Bénin’s opposition challenges government on potential Niger military intervention

Bénin’s opposition challenges government on potential Niger military intervention

Following the military coup d’état that unfolded in Niger on July 26, 2023, international responses were swift and varied. Key organizations such as ECOWAS, the African Union (AU), alongside nations like the United States (USA), France, and Russia, promptly declared their positions. Within Bénin, the pronouncements by President Patrice Talon and the prospect of an armed intervention have not been universally welcomed. Western media outlets have suggested Bénin might commit troops alongside ECOWAS to confront the military junta. Numerous stakeholders, including the Catholic Church and political figures, have openly expressed their belief that a military option is not the appropriate path, advocating instead for diplomatic solutions to resolve the ongoing crisis.

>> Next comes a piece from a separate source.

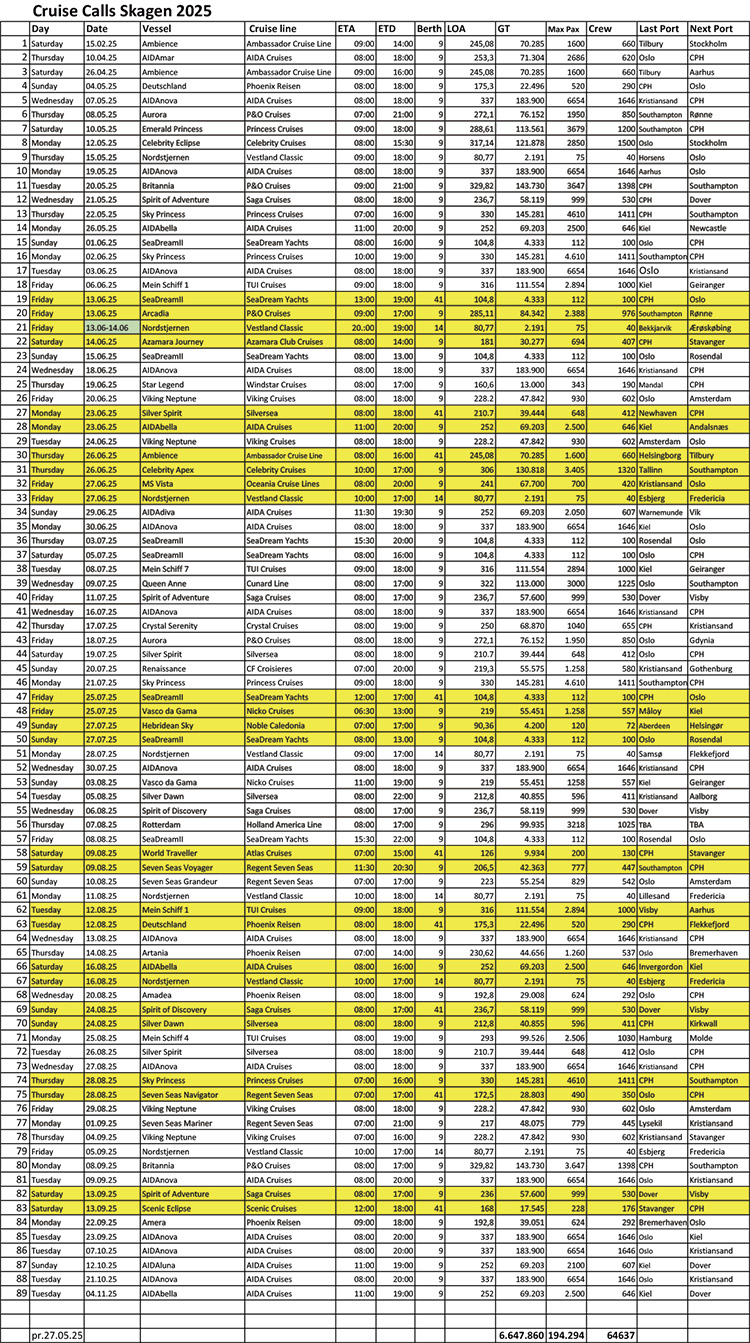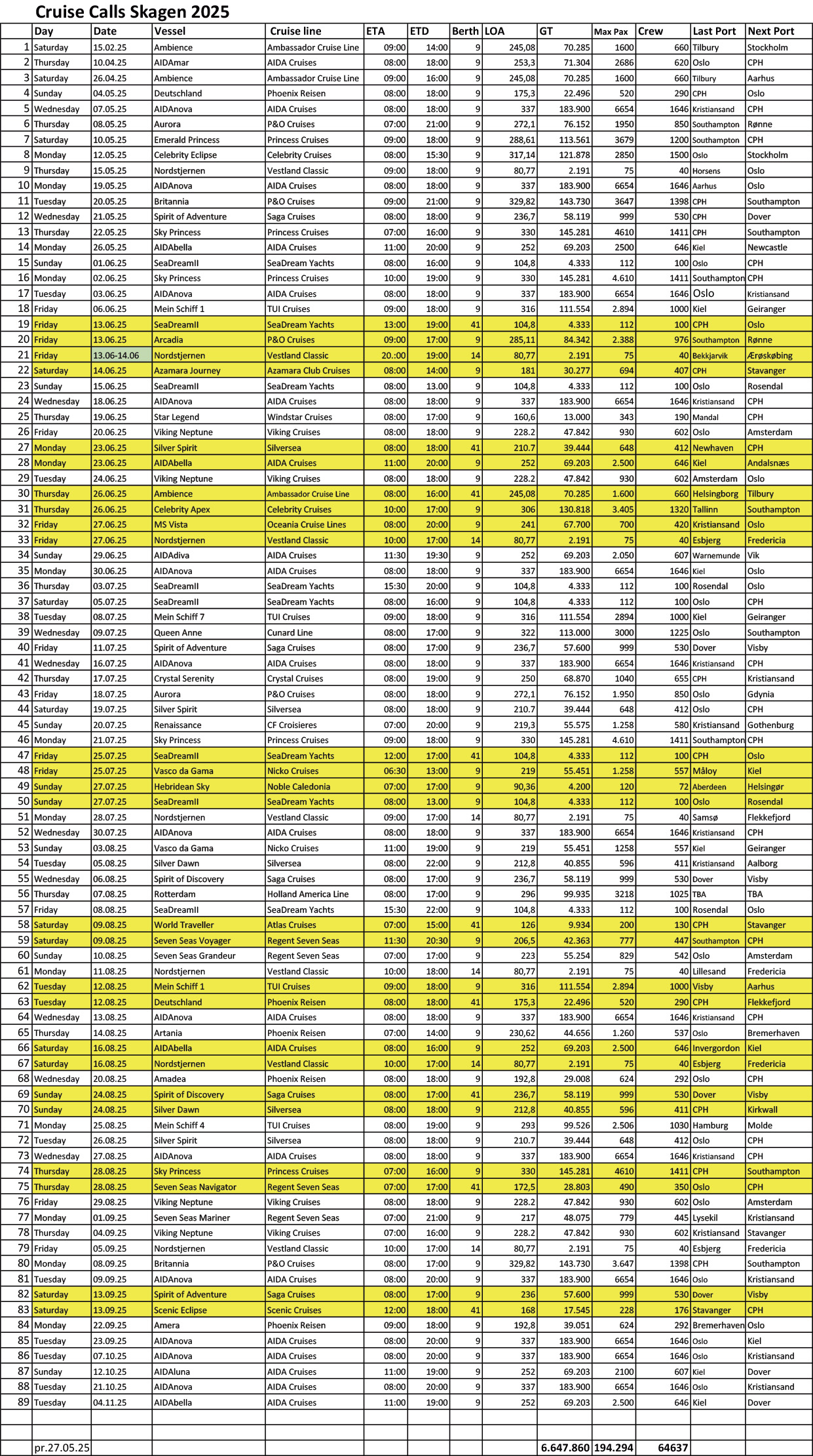 Skagen Havn forventer at modtage 89 krydstogtanløb i 2025.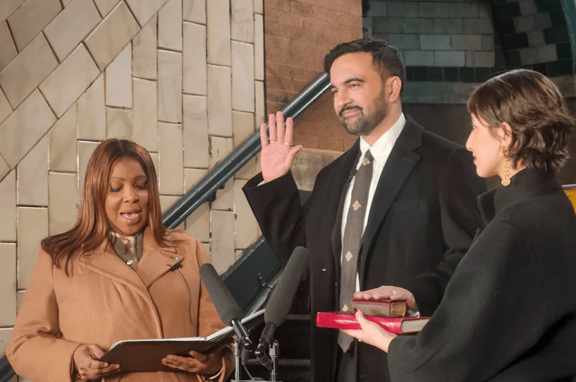 La ceremonia de su asunción, realizada en la estación City Hall del subte neoyorquino, estuvo llena de elementos tendientes a la generación de una nueva hegemonía político-cultural opuesta a la de la ultraderecha de Trump, Milei y afines.

Elected representatives from the opposition party, « Les Démocrates », have directly questioned the government’s stance on the situation, submitting a comprehensive list of 19 urgent inquiries. Their primary concern revolves around the justification for Bénin’s military involvement, particularly considering the longstanding fraternal relationship between Bénin and Niger. They have voiced apprehension regarding adherence to the Beninese constitution, the safety of deployed troops, and crucially, the potential for conflict escalation and its far-reaching implications for both the civilian population and Bénin itself.

Beyond military considerations, significant economic and diplomatic concerns have also been brought to the fore. The decision to close borders with Niger could lead to substantial repercussions for the Autonomous Port of Cotonou and the broader Beninese economy, which is already feeling the strain of ECOWAS sanctions. In light of rising prices for essential goods and the adverse effects on economic actors, the opposition insists on concrete answers from the government.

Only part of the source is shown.